Es fehle an vielen Orten immer noch an einer Kultur der Zusammenarbeit. «Dabei ist das ein riesiger Gewinn für alle und ich verstehe nicht, warum ein Heim nicht Energie darauf verwendet, Angehörige zu einer Ressource zu machen statt zu einem Problem», sagt Albert Wettstein.

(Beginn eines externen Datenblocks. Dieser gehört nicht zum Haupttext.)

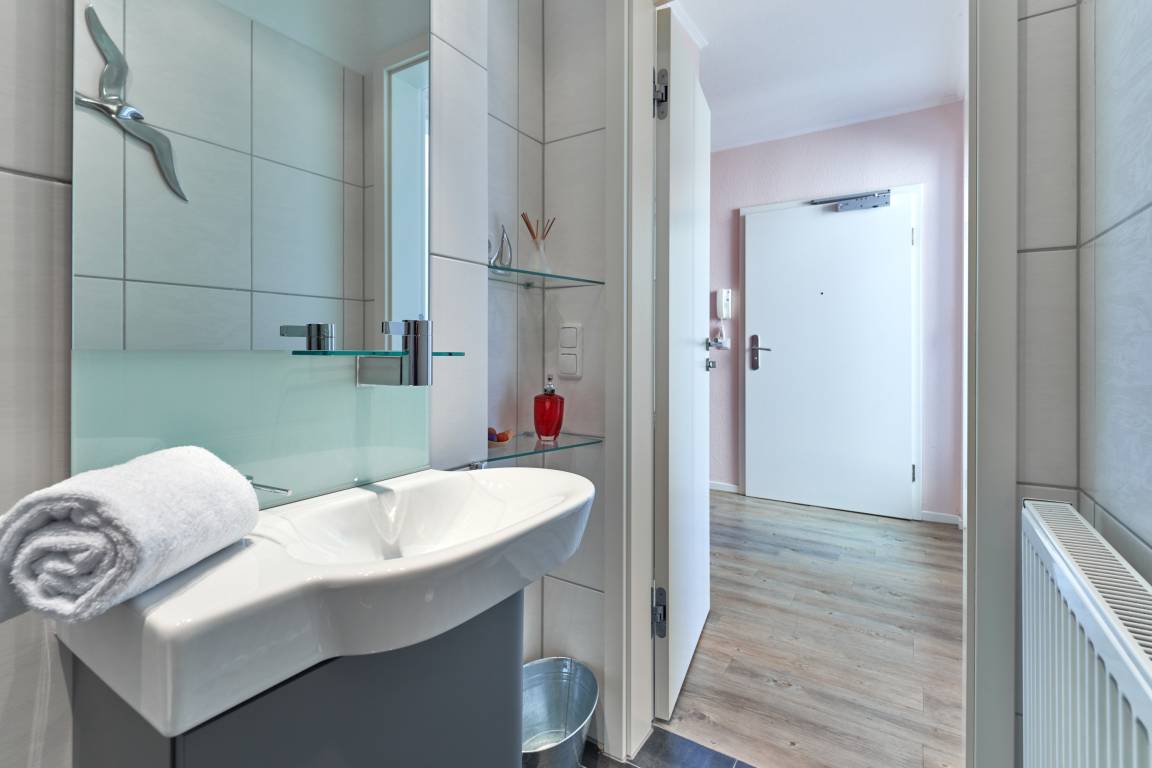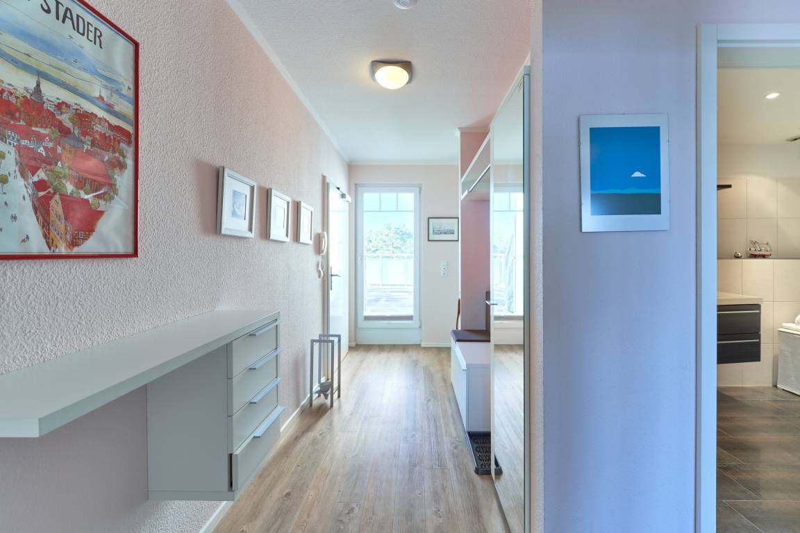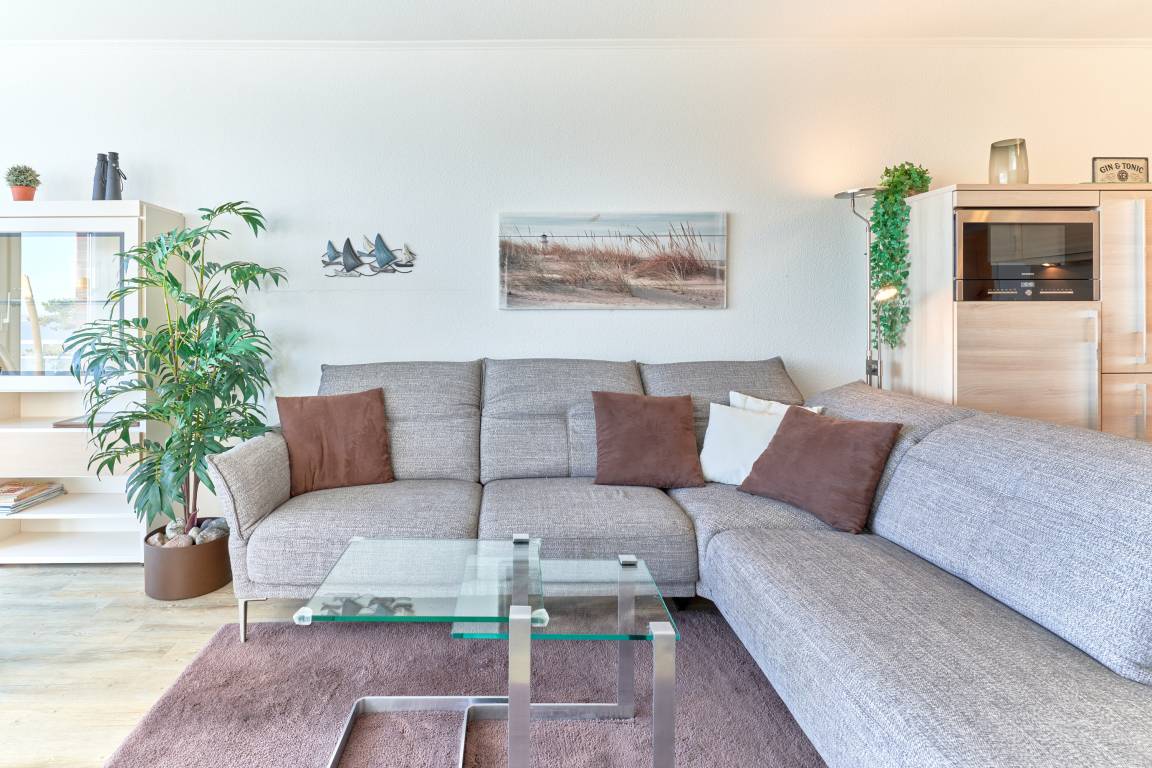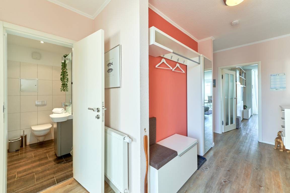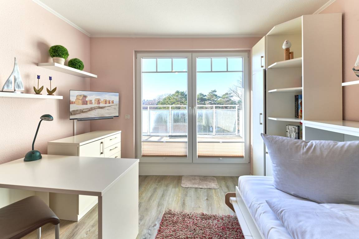 Der Wohn-Essbereich ist mit einem gemütlichen Sofa eingerichtet. Neben dem Flachbildfernseher steht Ihnen selbstverständlich kostenloses WLAN zur Verfügung. Die helle Küche ist komplett ausgestattet. Feiner Essbereich direkt am Fenster, mit Blick auf die Ostsee. Das erste Schlafzimmer ist mit einem Doppelbett (1,80 x 2,00m) sowie einem geräumigen Kleiderschrank ausgestattet. Das zweite Schlafzimmer verfügt über ein Schrankbett sowie ein Einzelbett, von hier aus erreicht man die hintere Terrasse. Ein Schreibtisch sowie ein Flachbildfernseher stehen hier bereit. Das Badezimmer verfügt über eine Dusche sowie eine Badewanne. Ein Gäste-WC steht ebenfalls zur Verfügung. Ein Abstellraum und eine Garderobe befinden sich im Flurbereich. 2 Dachterrassen zur Ostsee gerichtet, mit Tisch und Stühlen – hier können Sie Ihr Frühstück mit Ostseeblick genießen. Von der hinteren Dachterrasse nach Westen haben Sie einen schönen Blick in den Kurpark. Hier befinden sich ebenfalls Tisch und Stühle.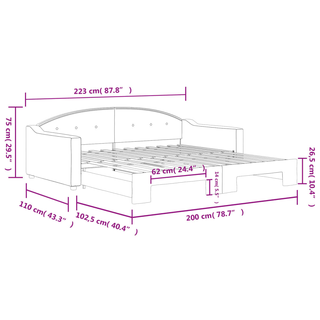vidaXL sötétszürke kihúzható szövet heverő 100 x 200 cm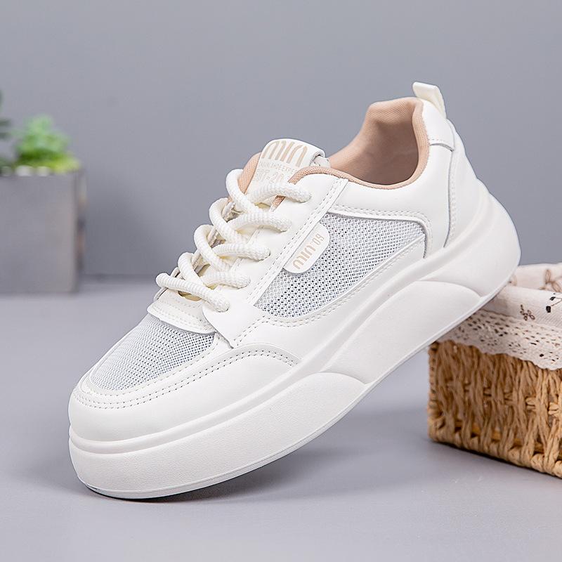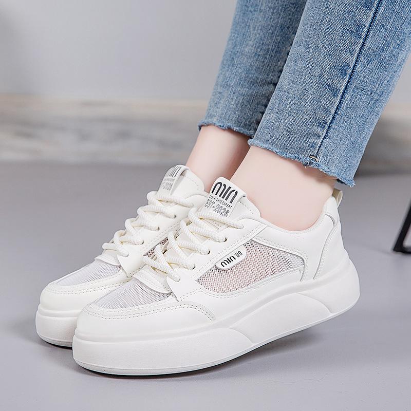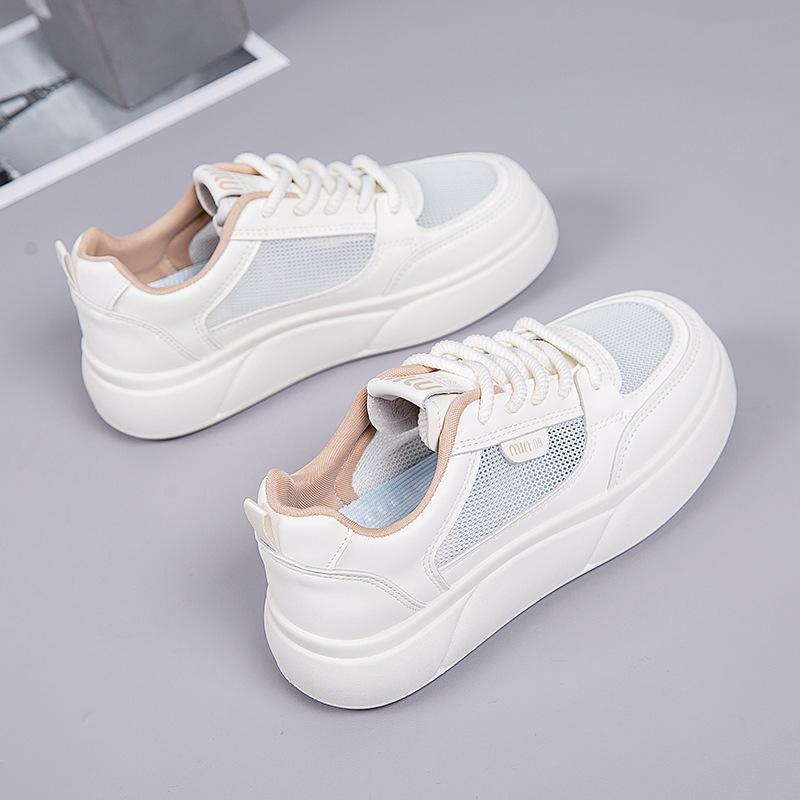 Маленькие белые туфли женские летние 2025 года новые сетчатые дышащие нескользящие толстые подошвы увеличивающие рост студенческие туфли универсальные повседневные туфли для серфинга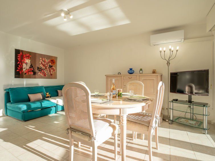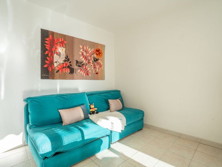 2-room apartment 45 m2, on the ground floor. Living/dining room with 2 sofabeds (1 x 90 cm, length 190 cm), dining table and TV (flat screen), air conditioning and electric shutters. Exit to the terrace. 1 room with 1 french bed (1 x 140 cm, length 190 cm). Open kitchen (oven, dishwasher, 2 ceramic glass hob hotplates, kettle, electric coffee machine).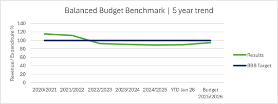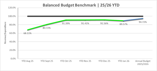 1.5.5 The balanced budget benchmark was 89.6% as at 31 January 2026, compared with a budgeted position of 94.72%.

Nicht jeder Kanton bietet eine Ombudsstelle
Hätten die Angehörigen an eine Ombudsstelle wie die UBA gelangen können, wäre die Situation vielleicht anders verlaufen. «Wir können eine Mediation erreichen und dann meistens eine gute Lösung erarbeiten, weil unsere Fachleute auf Augenhöhe mit dem Personal diskutieren kann», sagt Albert Wettstein.
Nur: die UBA ist in Basel-Land nicht aktiv. Und der Kanton bietet bis heute keine eigene Ombudsstelle für Altersfragen. Dabei wäre das eine Massnahme zur Qualitäts-Sicherung, sagt Barbara Gassmann, Vizepräsidentin vom Schweizer Verband der Pflegefachleute SBK. «Wir stellen fest: Nur schon das Vorhandensein einer Ombudsstelle hat einen Einfluss auf die Heime».